• [What you have to do] An exact reproduction of the listing is wanted, with the pictures dropped.

• [Source material]

***

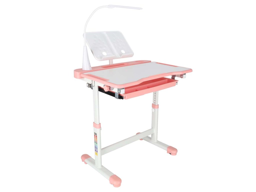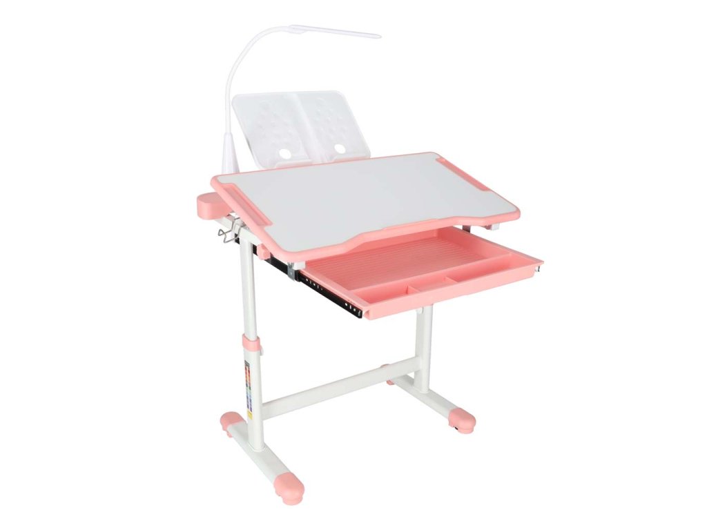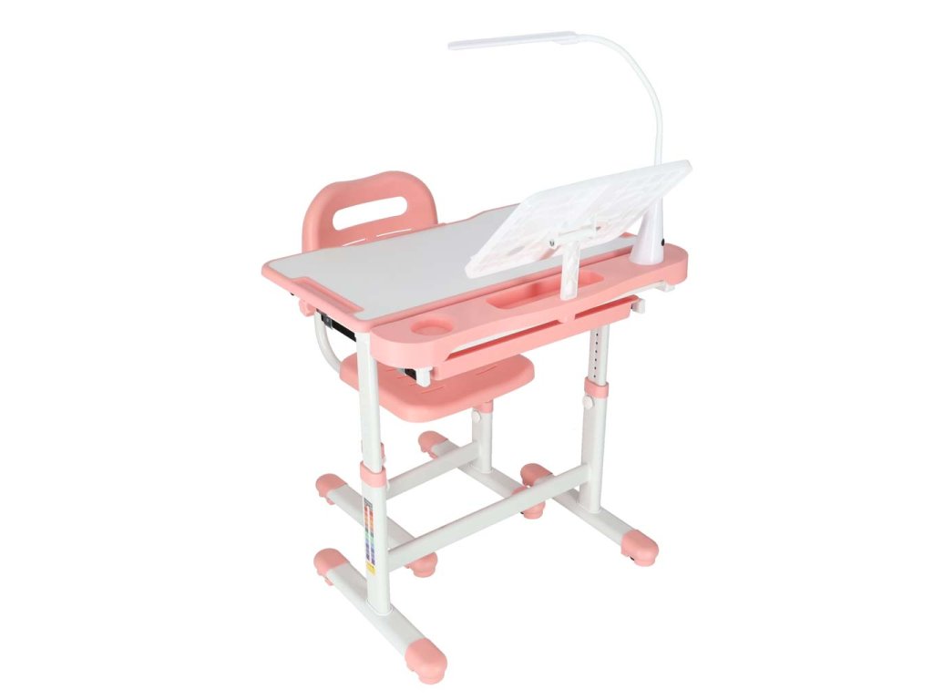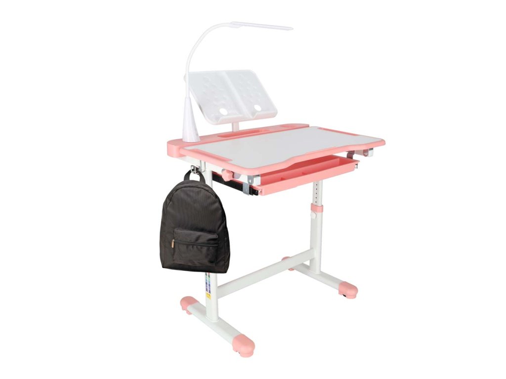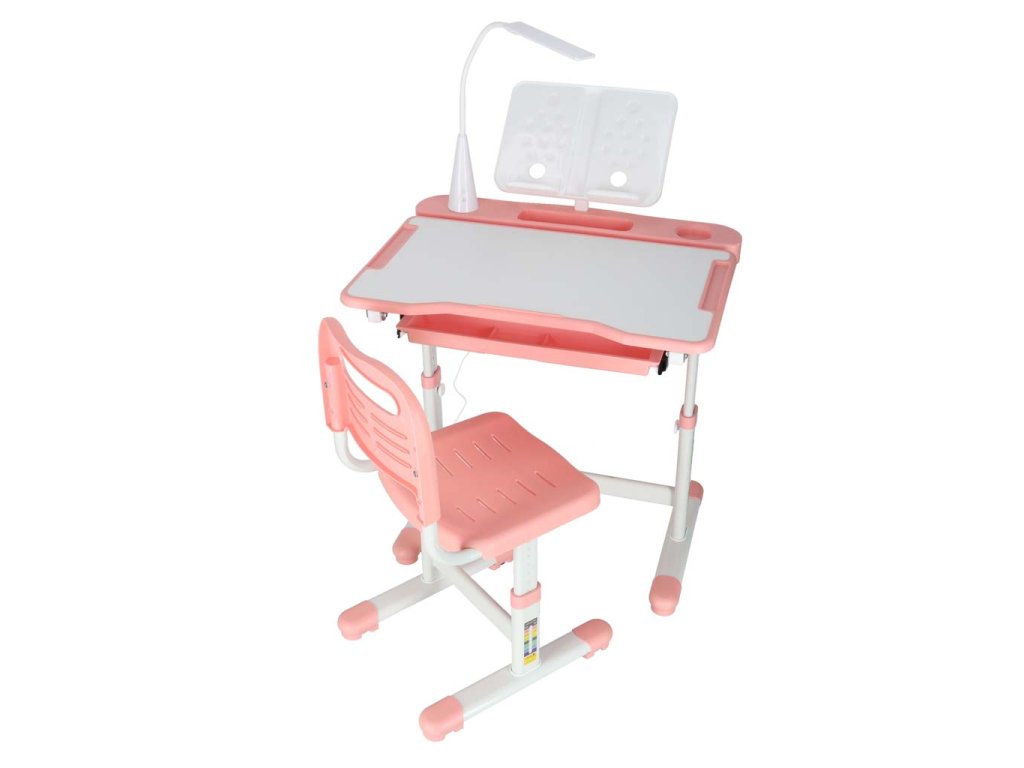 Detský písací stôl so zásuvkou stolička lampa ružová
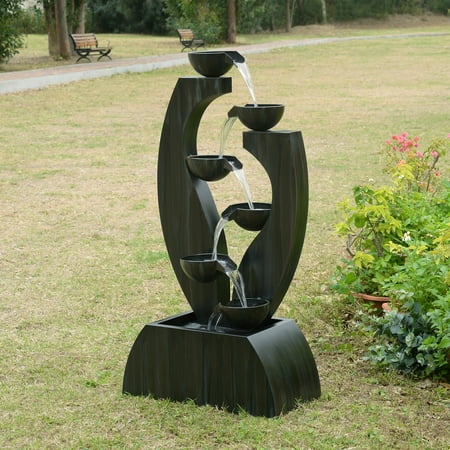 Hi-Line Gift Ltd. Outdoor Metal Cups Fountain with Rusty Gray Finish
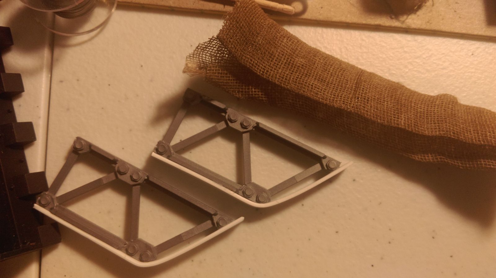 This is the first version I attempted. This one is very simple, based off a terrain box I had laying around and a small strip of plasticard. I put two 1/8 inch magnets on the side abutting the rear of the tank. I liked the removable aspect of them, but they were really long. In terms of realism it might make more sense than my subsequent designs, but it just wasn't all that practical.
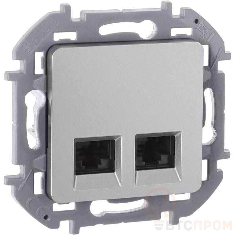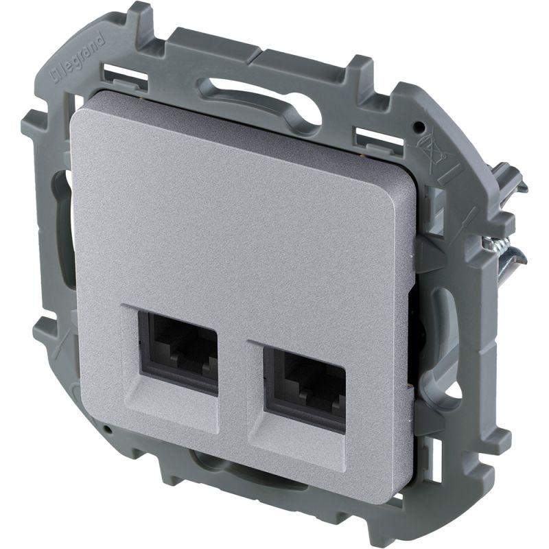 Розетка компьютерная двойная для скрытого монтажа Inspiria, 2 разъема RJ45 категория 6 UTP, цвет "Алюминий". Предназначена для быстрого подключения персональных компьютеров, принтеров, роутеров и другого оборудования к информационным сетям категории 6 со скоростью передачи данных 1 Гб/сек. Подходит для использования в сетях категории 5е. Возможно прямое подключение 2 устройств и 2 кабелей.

***

• [Response for this exercise]
 Detský písací stôl so zásuvkou stolička lampa ružová
 Hi-Line Gift Ltd. Outdoor Metal Cups Fountain with Rusty Gray Finish
 This is the first version I attempted. This one is very simple, based off a terrain box I had laying around and a small strip of plasticard. I put two 1/8 inch magnets on the side abutting the rear of the tank. I liked the removable aspect of them, but they were really long. In terms of realism it might make more sense than my subsequent designs, but it just wasn't all that practical.
 Розетка компьютерная двойная для скрытого монтажа Inspiria, 2 разъема RJ45 категория 6 UTP, цвет "Алюминий". Предназначена для быстрого подключения персональных компьютеров, принтеров, роутеров и другого оборудования к информационным сетям категории 6 со скоростью передачи данных 1 Гб/сек. Подходит для использования в сетях категории 5е. Возможно прямое подключение 2 устройств и 2 кабелей.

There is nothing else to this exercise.